In 1967 computer scientist Melvin Conway made an observation that came to be known as Conway’s Law.
Organizations which design systems (in the broad sense used here) are constrained to produce designs which are copies of the communication structures of these organizations.
Conway’s Law is why you often find rigid, silo’ed tables modeled into the data architecture of rigid companies with silo’ed business departments, or scrambled and unplanned relationships across software entities at bootstrap startups; code reflects the human environment in which it is developed.

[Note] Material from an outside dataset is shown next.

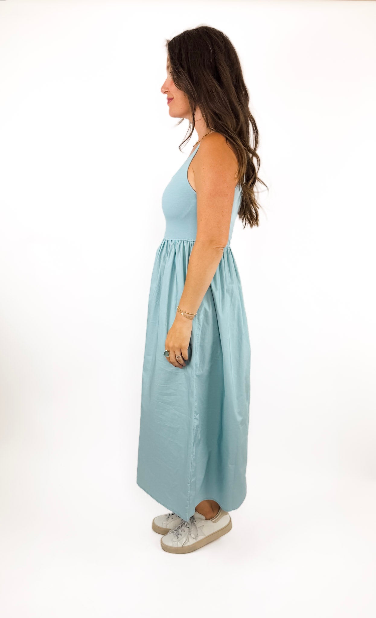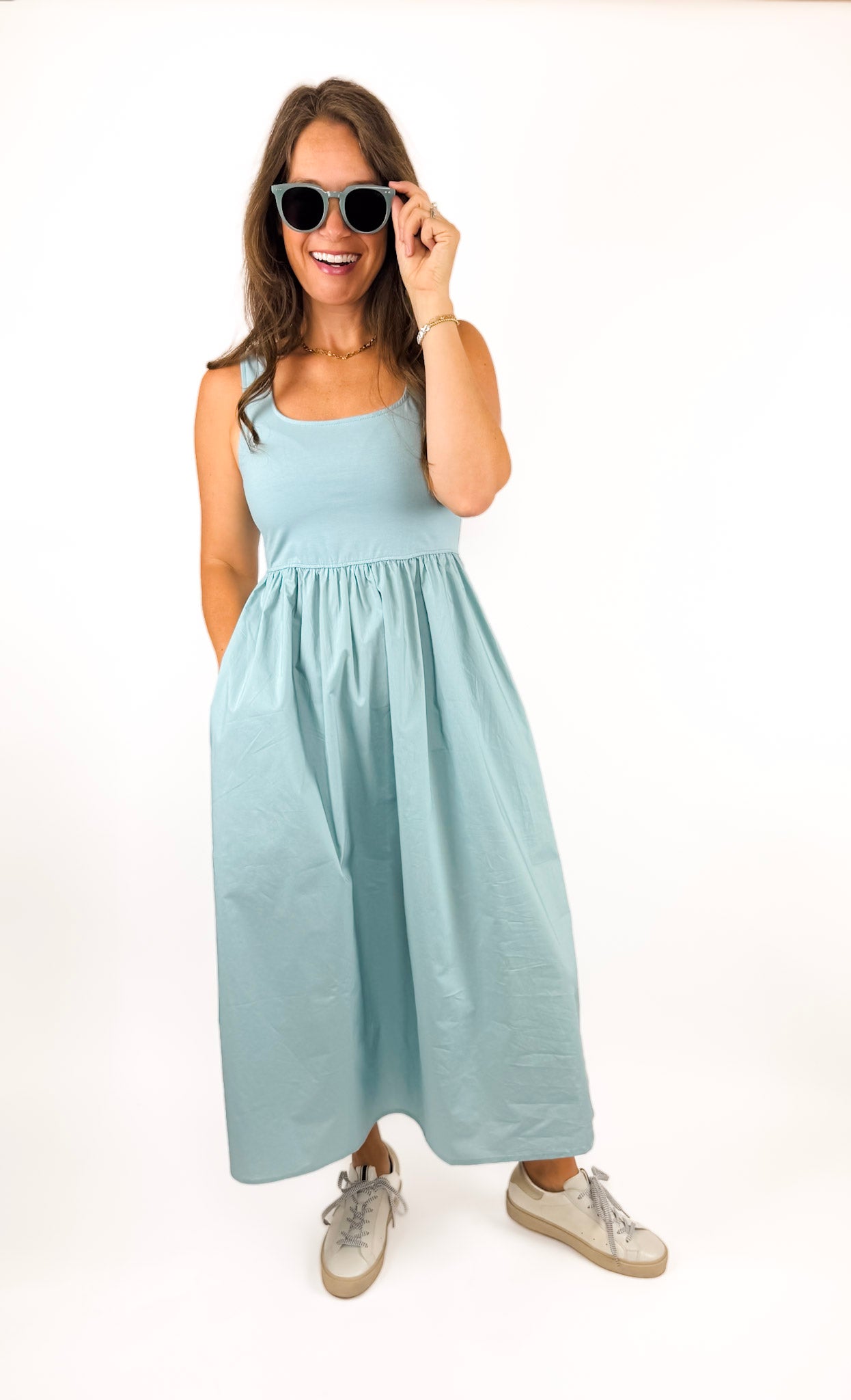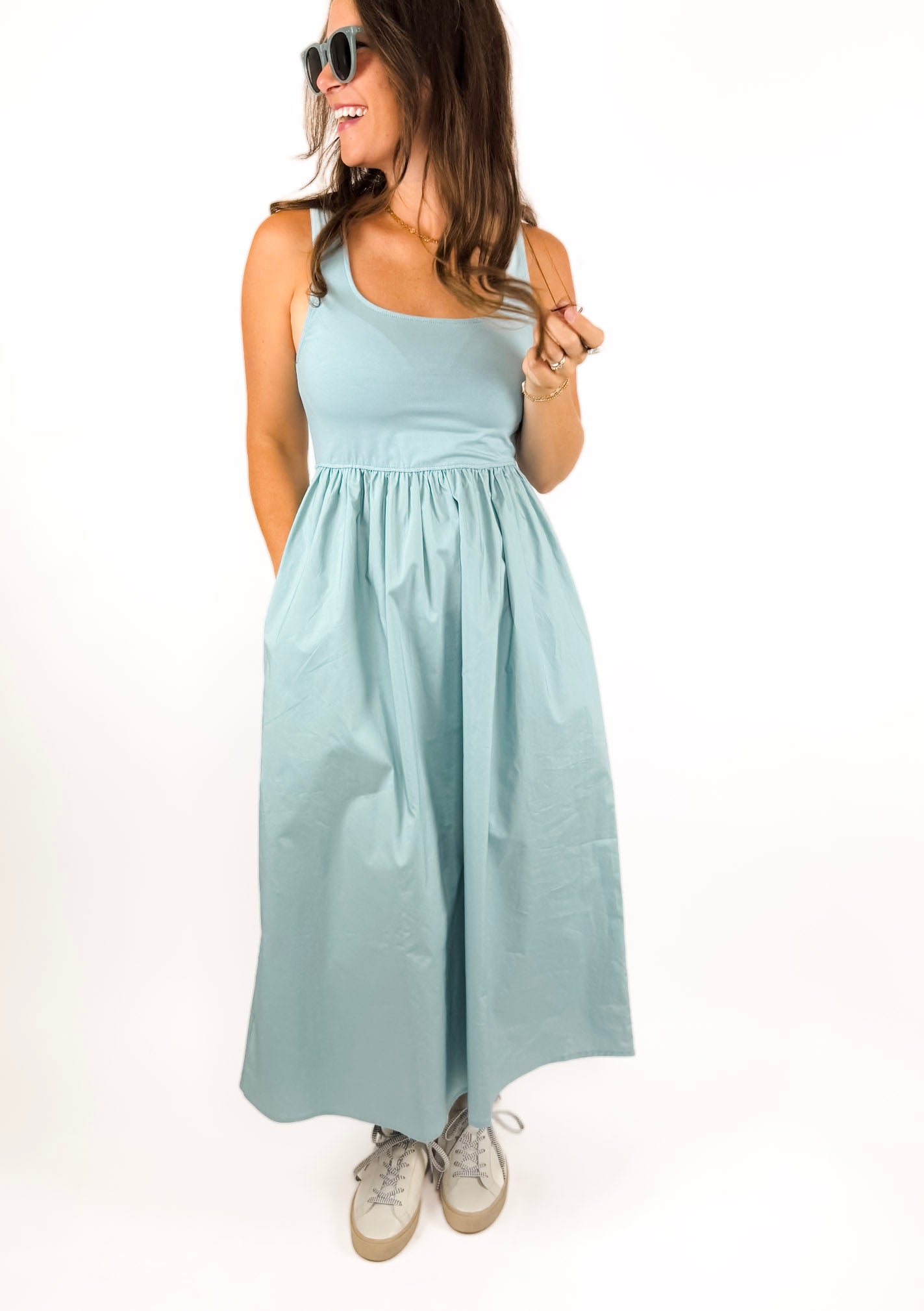 The most comfortable dress that is feminine and pretty! We love the stretchy bodice and the gorgeous color. This is the ultimate year-around dress with pockets! The mixed-media fabrics give it a special touch. Belt it to elevate it or just wear as is! Also available in black.

Recently a post by a young developer caught my attention; this developer noted (rather snarkily) the contradiction between Python type hints and, by extension, Pydantic Python as an effectively strongly-typed version of the language, with the traditional Pythonic mantra of duck typing. The frustration was warranted, and sometimes it takes fresh eyes unaware of the historical context to call out a bad situation. The “Best Practices” of a programming language are not written in a vacuum by wise old neckbeards and then chiseled in a specification for all to obey; these practices are codified reflections of developer community behavior, in much the same way that Webster’s Dictionary reflects the evolution of English (and is not the root cause of that evolution). If the best practices of Python typing are becoming increasingly contradictory, it mirrors the increasingly contridictory nature in which the software development community approaches designing Python software - and this got me thinking.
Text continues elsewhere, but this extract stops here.